Terrorism generates fear – that is its purpose. Attacks serve to make us think twice before we leave the house, to sow suspicion and fear about neighbours and friends who are different to us in some way, to make us question the core of our liberal values. Paradoxically, terrorist attacks tend to unify and to divide at the same time. Just as sorrow and sympathy unite us, fear and anxiety divide us into “us” and “them”.
In these circumstances we are drawn, quite understandably, to demands for more security, more counter-terrorism, more laws. But is “more” the right answer? Certainly the history of legal responses to terrorism indicates that legislation produced rapidly in the wake of terrorist acts can be problematic and often fails to address the core problem.
The record shows that politicians may rush through legislation in order to capitalise on sympathy, fear and the demand for more security. This can result in laws that lack the benefit of robust debate and which extend state power and often greatly curtail individual rights. And to what end? Does anyone truly believe that internment in Northern Ireland, control orders throughout the UK, military enquiries in Guantánamo Bay, or the proscription of terrorist organisations in Nigeria (to give just a few examples) actually tackle terrorism in any effective way?
Certainly these measures satisfy our desire to see that something is done. They tend also to stem from governments’ good faith efforts to provide a legal framework for security. But it is by no means clear that they work.
The attacks in Paris last Friday have rightly been condemned by governments and organisations all over the world. The incomprehensible combination of the extraordinary and the banal, where going to a restaurant or concert on a Friday night leads to one’s assassination, vividly exposes the insecurity inherent in living in an ideologically divided world with easy access to arms, information and international travel.
Early reports suggest that they have also shown up weaknesses in intelligence cooperation and policing. It’s not at all clear, however, that they expose any inadequacies in the law.
Yet in spite of this, politicians are already calling for more and quicker laws to address terrorism. The French president, François Hollande, has called for swift constitutional change in France to address the nature of terrorist emergencies, such as to strip citizenship from convicted terrorists and exclude dual nationals from the country.
Here in the UK, Lord Carlile QC has already suggested that the attacks provide a rationale for placing the Investigatory Powers bill on a fast-track, robbing it of the full and vigorous parliamentary debate that such a bill requires.
Less is more
To accede to calls for swift and fundamental legal changes is mistaken. The immediate aftermath of an attack is a febrile milieu in which debate is hampered by the political costs of opposition. In such a context, the virtue of saying the unpopular in defence of the principled is costly indeed. We simply do not yet know enough to tell whether the attacks in Paris suggest that more, new, or different investigatory powers are necessary, or that exclusion orders would have prevented these attacks. Legislating in a hurry is profoundly unwise and should be avoided.
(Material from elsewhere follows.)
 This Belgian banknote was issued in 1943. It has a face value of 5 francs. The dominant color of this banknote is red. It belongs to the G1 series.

The same is true at the European level. Over the past 14 years the EU has become adept at making counter-terrorism law, but less skilled at accounting for rights in the course of doing so. Predictably, suggestions of fundamental legal changes in the wake of the attacks on Paris have been made with regards to Europe’s borders, intelligence sharing between member states and collective security. Yet we have already seen the potential drawbacks in passing hastily developed European-wide counter-terrorism laws.
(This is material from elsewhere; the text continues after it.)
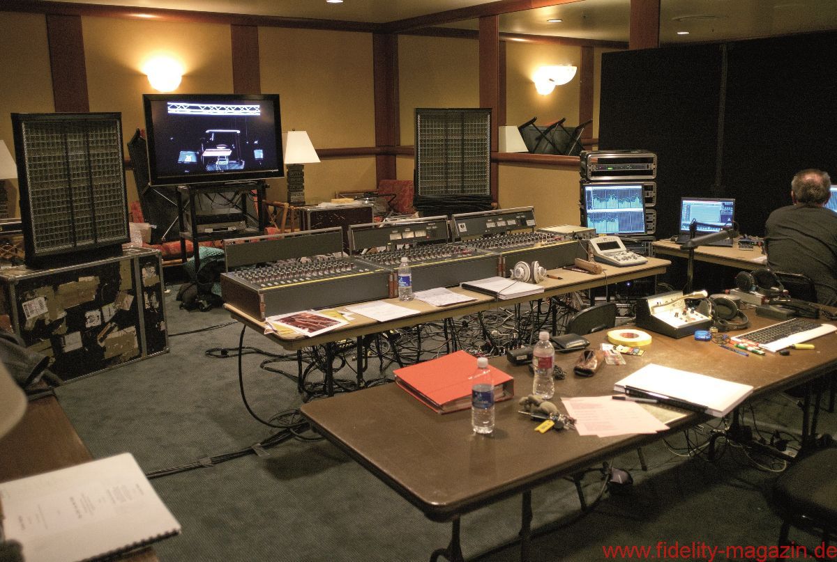 Zur Demonstration gehen wir in einen der Masteringräume: kreatives Chaos („die besten Diffusoren“), eine Workstation und genannte Quad ESL 63. Wir hören Ausschnitte aus der 8. Sinfonie von Gustav Mahler mit dem San Francisco Symphony Orchestra unter Michael Tilson Thomas. Unkomprimierte 60 Dezibel Dynamikumfang brechen über mich herein. Zur Verdeutlichung, was das auch bedeuten kann: In einem wirklich leisen Zimmer liegt der Grundgeräuschpegel mit etwas Glück bei 50dB, und eine Kettensäge bringt es in einem Meter Abstand auf 110dB. Zu Hause wird es – tut mir leid – nur den allerwenigsten von uns möglich sein, einen solchen Dynamikumfang darzustellen.

After the Madrid and London bombings, the EU Data Retention Directive was put on the books, in spite of loud protestations that the blanket surveillance it required was unlawful. And so it proved to be when, eight years after its introduction and after numerous legal challenges, the directive was struck down by the Court of Justice for disproportionately interfering with fundamental rights.
The court accepted that security is an important common goal that the EU is entitled to pursue, but this does not mean that fundamental rights can or should be sacrificed in its name. That same message can be found repeated in decades of court cases and academic writing, as well as gleaned from the declining social cohesion and enduring insecurity that exist in spite of – perhaps even partly because of –- quick legal responses to massive security failures.
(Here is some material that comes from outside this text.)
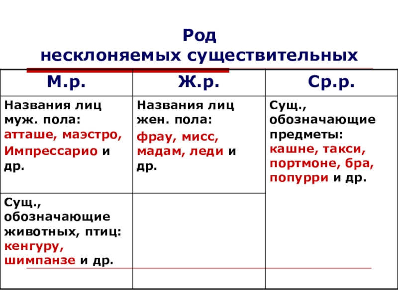 стол (твердая основа и нулевое окончание), хотя заведение; дот — м.р., хотя точка; Субстантивированные несклоняемые слова имеют средний род: Далече грянуло ура; наше сегодня и завтра.

Markus Söder, the finance minister for the German federal state of Bavaria, said that “Paris changes everything”. We should hope that this is true: that Paris may be the terrorist attack in the aftermath of which we finally step away from the well-worn pattern of reactionary legislation, disproportionate interference with rights and distorted debate on counter-terrorism. Instead we need calm heads and a willingness to question whether more and more counter-terrorism law can ever deliver the security we desire.